Mavs re-sign Sasha Pavlovic

Updated: January 20, 2011, 11:02 PM ET
By Jeff Caplan | ESPNDallas.com

DALLAS -- On the final day of his 10-day contract, Sasha Pavlovic, broken nose and all, earned a second abbreviated contract with the Dallas Mavericks and has a chance to stick the rest of the way.

The former Cleveland Cavalier got the starting nod Wednesday night against the Los Angeles Lakers, and responded by scoring 11 points on 5-of-7 shooting, including one huge 3-pointer with 31 seconds left in the decisive third quarter that gave Dallas its first double-digit lead in a game it went on to win 109-100.

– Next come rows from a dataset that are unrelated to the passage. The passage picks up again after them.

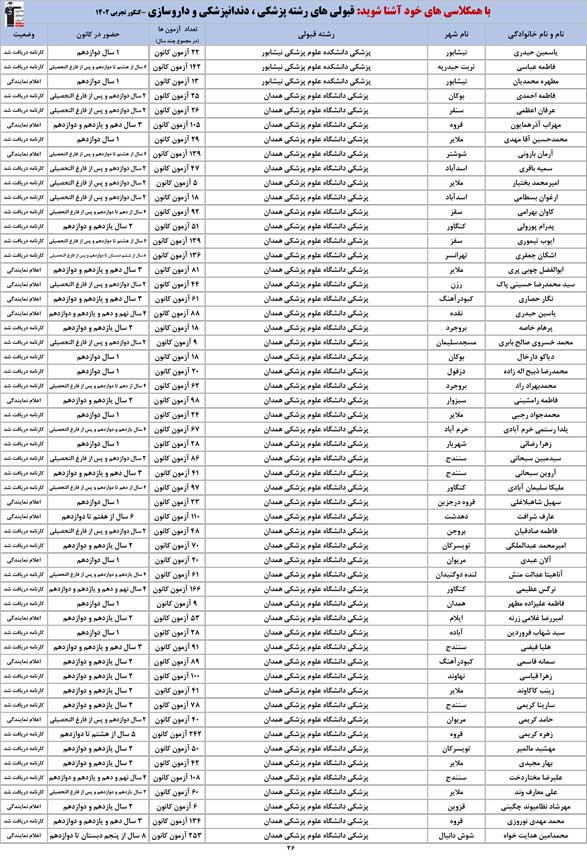 قبولی های رشته پزشکی ، دندانپزشکی و داروسازی -کنکور تجربی 1402
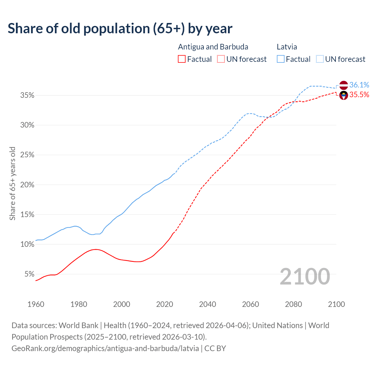 - The share of old-age demographic (65+) in Antigua and Barbuda is 11.8% vs 21.7% in Latvia.
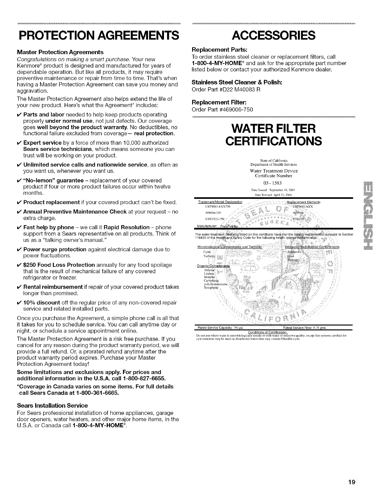 WATER FILTER CERTIFICATIONS .................................................. 19
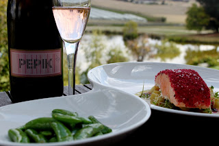 A relaxing lunch of Beetroot-crusted Ocean Trout and Josef Chromy Sparkling Blush in the winery restaurant. |
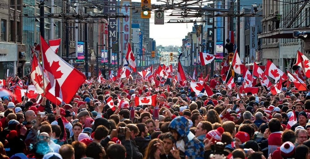 We stepped out onto the balcony and saw half the residents of the building across the street standing out on their balconies. They were screaming, hugging, jumping up and down, waving at cars, waving at us and each other and, of course, waving Canadian flags. Apparently everyone in the city now owned one.
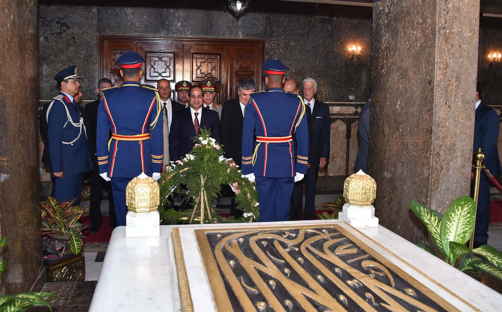 وعقب ذلك، وضع السيسي إكليلاً من الزهور على قبر الرئيس الراحل محمد أنور السادات، وإكليلاً آخر على قبر الراحل جمال عبد الناصر.
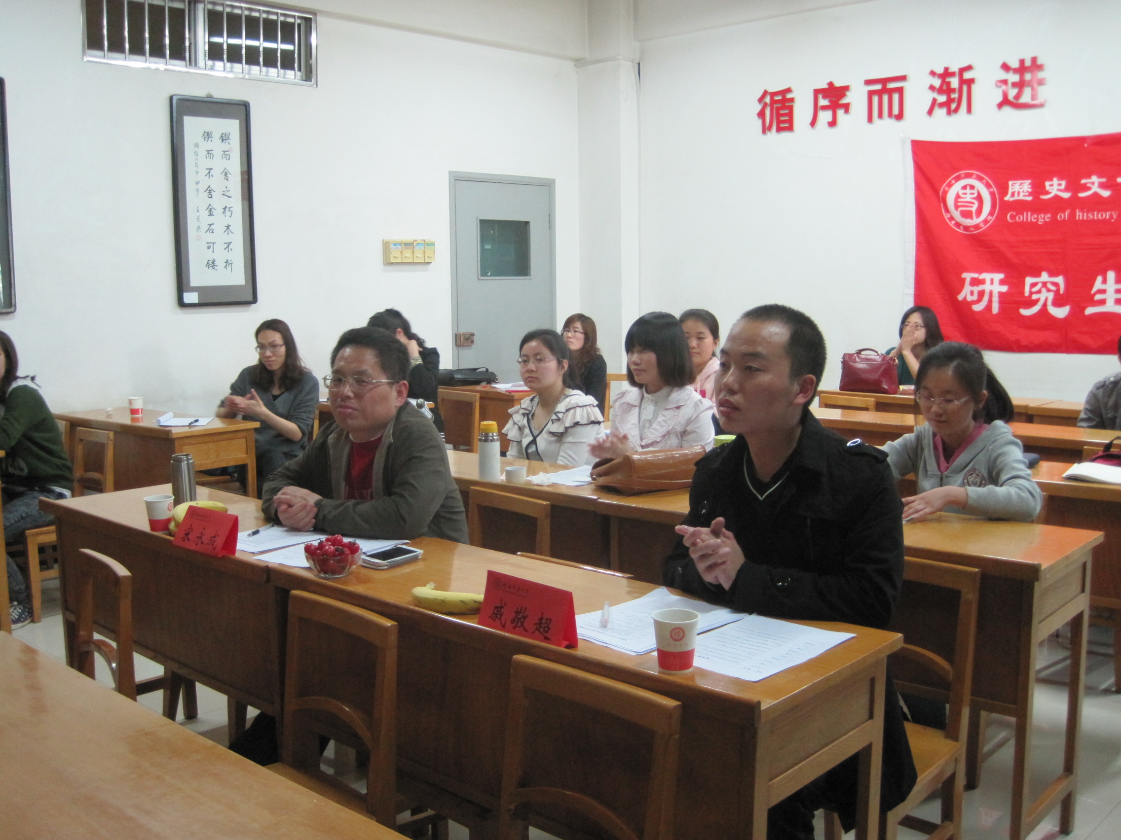3月27日下午,历史文化学院研究生七分钟说课比赛在文渊楼618教室举行。此次比赛我们有幸邀请到西北课改名校共同体秘书长、我院硕士生导师宋永成老师以及我院上一届研会实践部部长戚敬超学长担任评委。
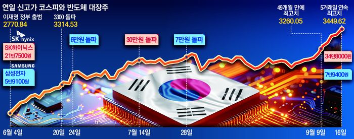 신현용 유안타증권 연구원은 “미국 오라클의 수주 잔고 급증으로 AI(인공지능) 인프라스트럭처 투자 빅사이클이 다시 주목받으며 반도체 업종 전반에 대한 이익 개선 기대감이 작용하고 있다”며 “반도체 이익 개선 기대감이 증시 상승세를 뒷받침하며 코스피가 신고가 랠리를 지속할 것”이라고 설명했다.
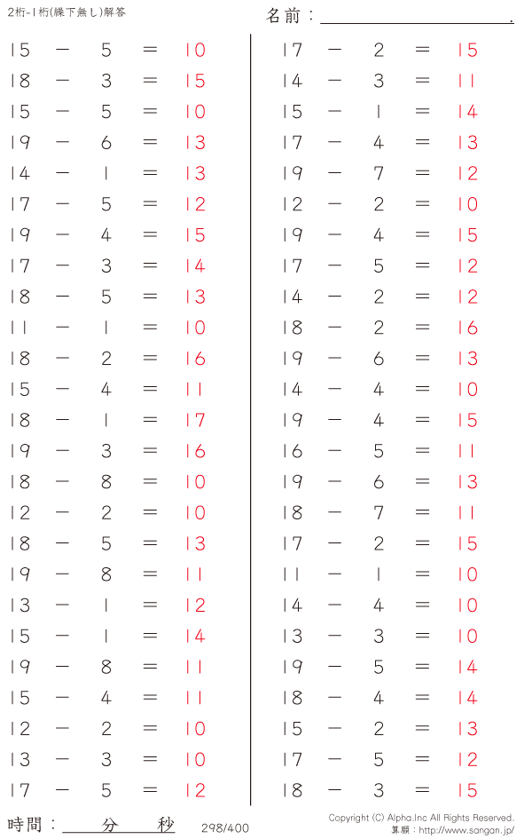 上記のボタンから「20未満-1桁(繰下無し)」の算数数学ドリル・計算ドリル(PDFプリント)がダウンロードできます。個人利用は無料です(家庭以外での配布は有料です)。
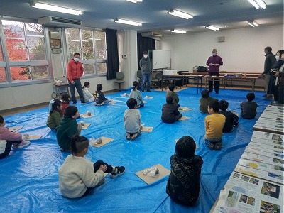 2年生は、生活科「もっと知りたい まちたんけん」の学習の一環として、地域にある新庄郷育館に行ってお皿づくり(陶芸)の体験活動をしました。
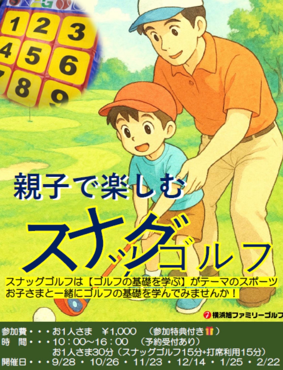 いつも当店をご利用いただき有難うございます。 【親子で基礎から学べる】スナッグゴルフを毎月1回開催いたします (開催予定日:9/28・10/26・11/23・12/14・1/25・2/22) 参加費はお1人さま¥1,00…..
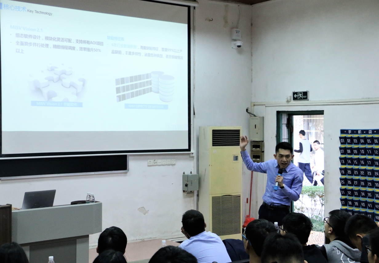 接下来,旭鑫智能科技有限公司副总经理杨铠康也为同学们进行分享。作为我院优秀校友代表,杨铠康用自身的例子和自己独特的解决问题的方法讲述了工匠精神中的“创新精神”。解决问题不能死脑筋,要多方位、多角度、多创新。让思维融入问题之中,才能达到快、准、好的解决方案。劳模不仅仅是体力上的劳,更是脑力上的劳,而“创新”则更能体现劳模的价值。
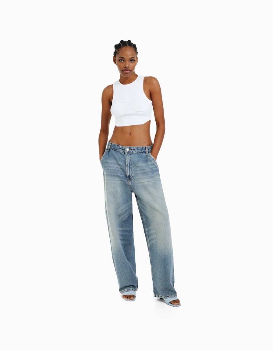 Siguiendo con la familia de los ‘jeans’, Bershka tiene en su catálogo estos fabulosos pantalones que mimetizan varios colores. Resultan ideales para espantar el frío y estupendos para combinar con musculosas y diferentes camisetas de tirantes. Las botas se pueden llevar por debajo y seguir aprovechándolas, aun en instancias en las que no queremos que sean las protagonistas. Valen 29,99 euros.
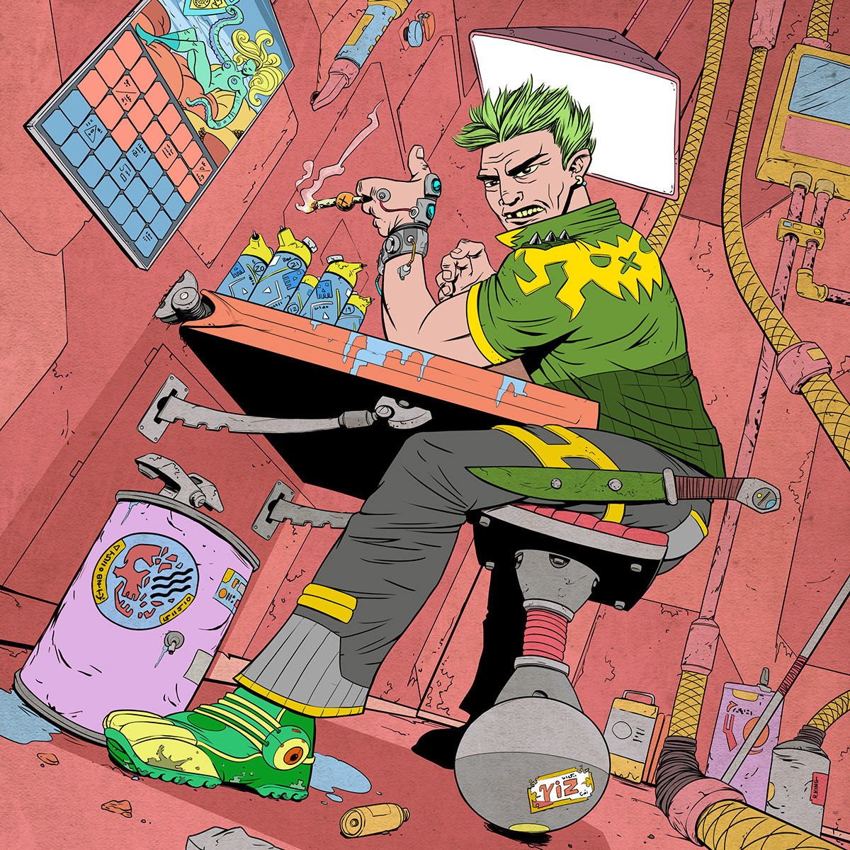 Tucked deep within a back alley of the dense neo-metropolis, Fryces Rovo oversees his small time drug operation.
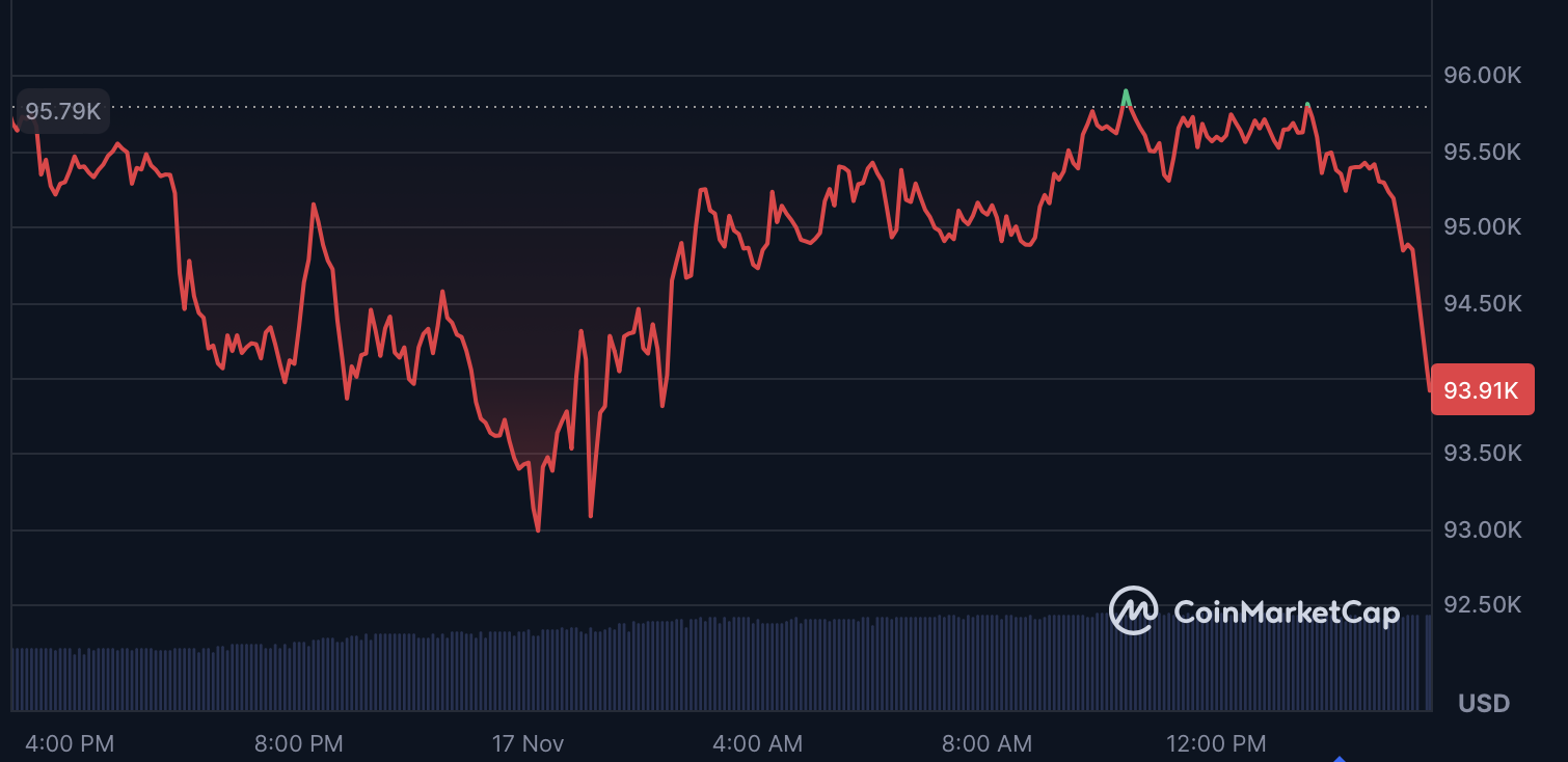 The aggressive accumulation comes at a moment when the crypto market is under renewed pressure. At the time of writing, Bitcoin is trading around $93,910, down more than 1.5% over the last 24 hours, and 11.5% on the week.

"It was big," Pavlovic said of the timely 3-pointer. "Jason Terry was handling the ball and [Luke] Walton helped off of me, and he [Terry] saw me and passed it to me and I just stepped up and made that shot. It's good that teammates believe in you and I can feel like they believe in me, and it's going to make it easier for me. They accepted me well and I'm pretty happy here."

Afterward, the Mavs thanked him with a second 10-day contract that begins Thursday night in Chicago.

Wednesday was Pavlovic's fifth game with the Mavs and the first one that resulted in a win. He played a season-high 24 minutes and did so wearing a mask to protect a broken nose he suffered Monday at Detroit. Early on he got knocked in the face and took a pretty good shot, but didn't flinch, with his NBA career possibly hanging on this effort.

"It moved back," Pavlovic said of his crooked nose.

The seven points he scored in the third quarter were just two fewer than he scored in his first four games with the club.

Coach Rick Carlisle's decision to start Pavlovic and bring Shawn Marion off the bench worked to perfection as Marion poured in 22 points.

"I just had a feeling Pavlovic could give us something as a starter, and he showed some things that he hadn't showed so far," Carlisle said. "In fairness, this is probably the first big-time opportunity he's gotten since he's been here. He's coming off a broken nose -- he probably got it re-broken on that first play -- and he hung in there and played a hell of a game. He played an all-around game. He helped us get shots, he made shots and he defended well."

Teams can sign a player to two 10-day contracts, then must either commit to him for the rest of the season or waive him.

Jeff Caplan covers the Mavericks for ESPNDallas.com.